Changing any field name won't be a problem either. That's because the tool doing it will know exactly where this object is used. Also, you won't have to synchronize independent definitions added separately in each project or modules.
However, application programming doesn't mean constantly writing prototypes, which will end up trashed in a moment. It's also about building code that will be developed over months and years - and during this time, it should be of the highest quality so as to avoid the time-consuming problem of introducing new or similar changes.
There are several elements to maintaining high-quality code.
First of all, it's the possibility of using commonly known solutions, such as design patterns. Since TypeScript introduces, among others, a system of classes and interfaces known from backend object-oriented languages, we can introduce proven backend solutions to our frontend code.
The second element that improves the quality of code written with TypeScript is the simplicity of refactoring. The refactoring process itself is something natural. But as long as we don't have clearly defined types and structures, changing the name of a field becomes extremely problematic - not only for the machine but even for the developer who would have to do it manually. By introducing a system of static typing and improved static code analysis already at the compilation stage, TypeScript allows programmers to modify the existing code much more confidently, without worrying that even a small correction of a typo could break something.
The last element is that there's no need to write any code that protects the project from absolutely every case where an object may be incorrectly structured or empty. By introducing TypeScript, we can eliminate the excess of instructions from our code, whose task would be only to protect against errors resulting from incorrectly passed objects. As a result, it's easier to keep order in the code, reducing the need to protect it against unexpected problems in every important function.
Compatible with JS
Understandable for backend developers
The fact that TypeScript in many respects resembles backend languages such as C# or Java means that we can relatively simply introduce it to programmers who have worked mainly with the backend so far (using the mentioned languages). They can now expand their competencies for a job with frontend development.
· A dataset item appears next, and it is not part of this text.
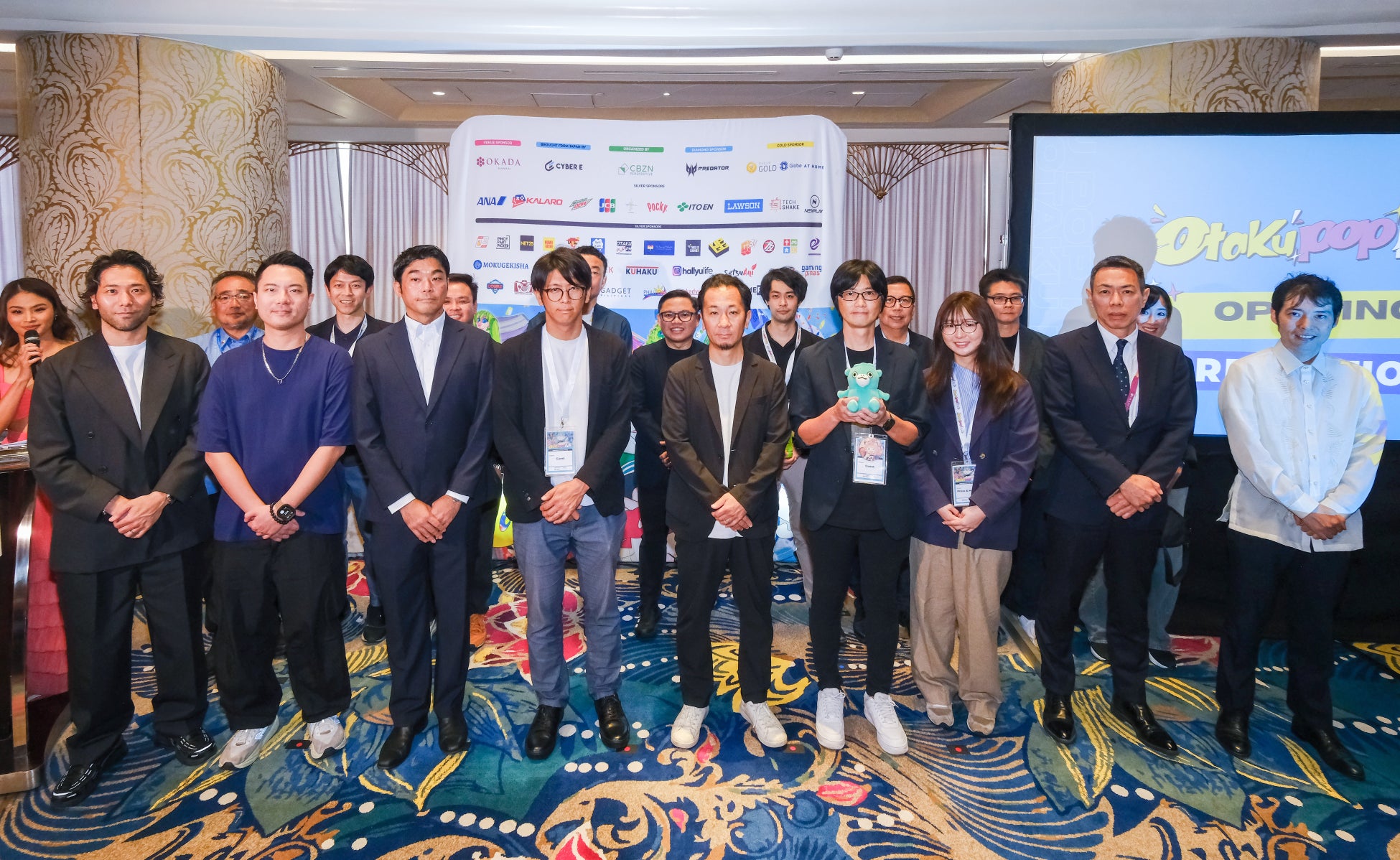 初日の4月25日には、複数のメディアが集まる中、オープニングレセプションが行われました。在フィリピン日本国大使館 広報文化センター所長/一等書記官 松田茂浩氏、TIGER RESORT, LEISURE AND ENTERTAINMENT, INC. 代表取締役社長 兼 COO 佐藤信樹氏、株式会社CyberE 執行役員 大﨑章功が登壇し、マニラからアジアへ日本カルチャーを発信する本イベントの意義を語りました。続いてCBZN COO Ayee Calma氏の挨拶により、2日間にわたる熱狂の幕が開けました。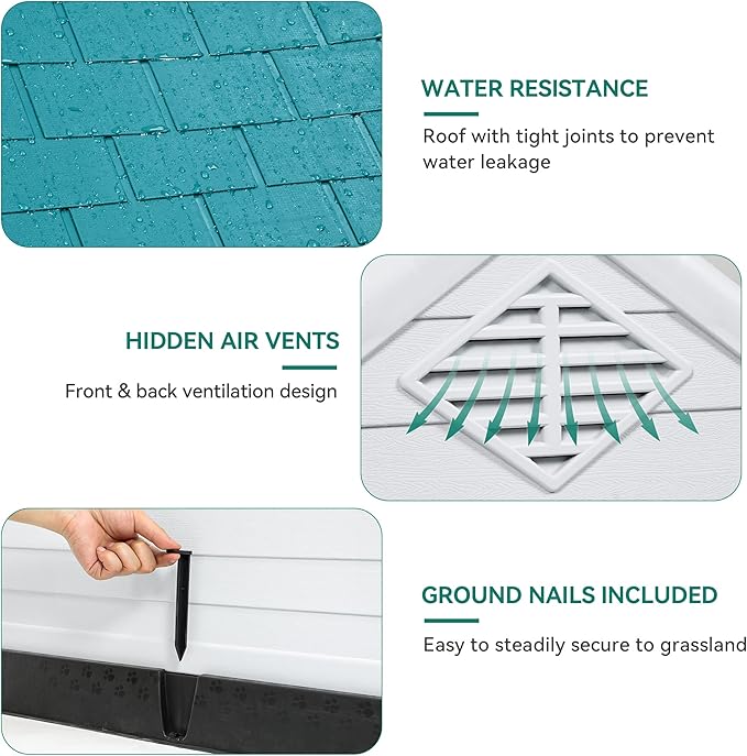 - WEATHERPROOF STRUCTURE- Sealed protective design, 2.8 in high base along with slanted roof harmonize to resist dirt, rain, snow, and other weather elements; Our outdoor dog house also has 2 ground nails to ensure stability during heavy winds.

This similarity to backend object-oriented languages also allows us to introduce backend developers to the code review process or discuss code design with them. Thanks to this, we increase the number of people whose knowledge we can use in the project. This is a chance to introduce and disseminate ideas that have worked in other situations.
Introducing TypeScript at the beginning of the project gives us the opportunity to involve the entire team in the process of designing the code structure, regardless of whether we're talking frontend or backend. As a result, the solutions developed are more consistent and understandable for every technical project member.
We can sum up the benefits of introducing TypeScript to our project from the very beginning in three points:
higher code quality,
pleasure from working on the project.
This allows developers to focus on delivering high-quality business value right away. And because static typing simplifies the refactoring process and facilitates the implementation of well-known patterns, the quality of code the team delivers is easier to maintain at a high level for a longer period. This is even more important in the project's initial phases; when changes appear frequently, ideas and needs change dynamically. The process of changes in data structures is continuous. In such a case, efficient control over types and ease of refactoring mean that the maintenance and development of the code don't give the team any headaches and minimizes the risk of increasing the time needed to introduce new functionalities.